Родриго Кортес - Садовник
Непереносимое страдание захлестнуло Себастьяна и доверху наполнило все его существо болью: отец вразвалку топтался прямо по голове сеньоры Долорес!
Себастьян тоненько пискнул, подбежал к отцу и ухватил его за рукав.
— Н-н-не-е…
Тот развернулся, и Себастьян глянул в его глаза и сразу понял, что это не случайность и не ошибка. Отец хотел убить эти цветы.
— Н-не-е, — решительно замотал головой Себастьян, отчаянно, что было сил, вцепился в отца и попытался оттащить его прочь, подальше от священного пятачка, где среди молодых зеленых черенков было упрятано маленькое тело покойной сеньоры.
— Это ведь ты, гаденыш, сажал… — с ненавистью прохрипел отец.
Себастьян ничего не понимал. Он видел, как сильно отец ненавидит эти цветы, но за что, объяснить себе не мог. Отец ухватил его за ворот, оторвал от земли, и в следующий миг небо и земля поменялись местами, перед глазами мелькнул рубчатый след отцовской подошвы, под ребрами что-то хрустнуло, и свет померк.
***На этот раз Мигель решил отправиться в дом Эсперанса на лошади. Ему уже несколько раз обещали выделить машину, но каждый раз новенькую полицейскую «Испано-суизу» получал какой-нибудь другой городок огромной провинции. А теперь, после провозглашения Республики… Честно говоря, Мигель сомневался, что вообще когда-нибудь получит машину.
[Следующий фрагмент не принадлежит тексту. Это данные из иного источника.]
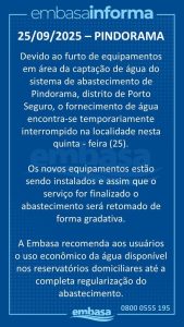 Em nota oficial enviada à nossa redação, a diretoria da Embasa, em Porto Seguro, confirmou o ocorrido e informou que já está providenciando a instalação de novos equipamentos para restabelecer o sistema. Segundo a empresa, assim que a substituição for concluída, o abastecimento será retomado de forma gradativa até a completa normalização.

Нет, в принципе лошадь была неплохая — умная, а главное, ко всему привычная. Как утверждал Альварес, Голондрина когда-то и впрямь напоминала ласточку своей стремительностью, но со временем втянулась в полицейскую специфику, перестала метаться от запаха крови и выстрелов и начала смотреть на все окружающее свысока, так, словно всему знала настоящую цену.
И все же теперь, в разгар двадцатого века, когда и алькальд, и прокурор, и судья имели положенные им по статусу служебные автомобили, начальник всей городской полиции лейтенант Санчес находил для себя довольно унизительным гарцевать на Голондрине. Только особая ситуация, в которой пребывал городок, а вместе с ним и вся страна, заставила его закрыть глаза на возраст и эстетические достоинства этого «транспортного средства».
Впрочем, до усадьбы Эсперанса Мигель добрался достаточно быстро. Спрыгнул с Голондрины, привязал ее к столбу и стремительно поднялся по лестнице на террасу.
— Привет, Кармен, — на ходу бросил он кухарке. — Где сеньор Эсперанса?
— Ой, господин лейтенант! — всплеснула руками Кармен. — Слава богу, что вы пришли, а то он его убьет!
— Кто убьет? Кого убьет?
— Мальчонку! Пойдемте, я вас провожу, все-таки вы — полиция…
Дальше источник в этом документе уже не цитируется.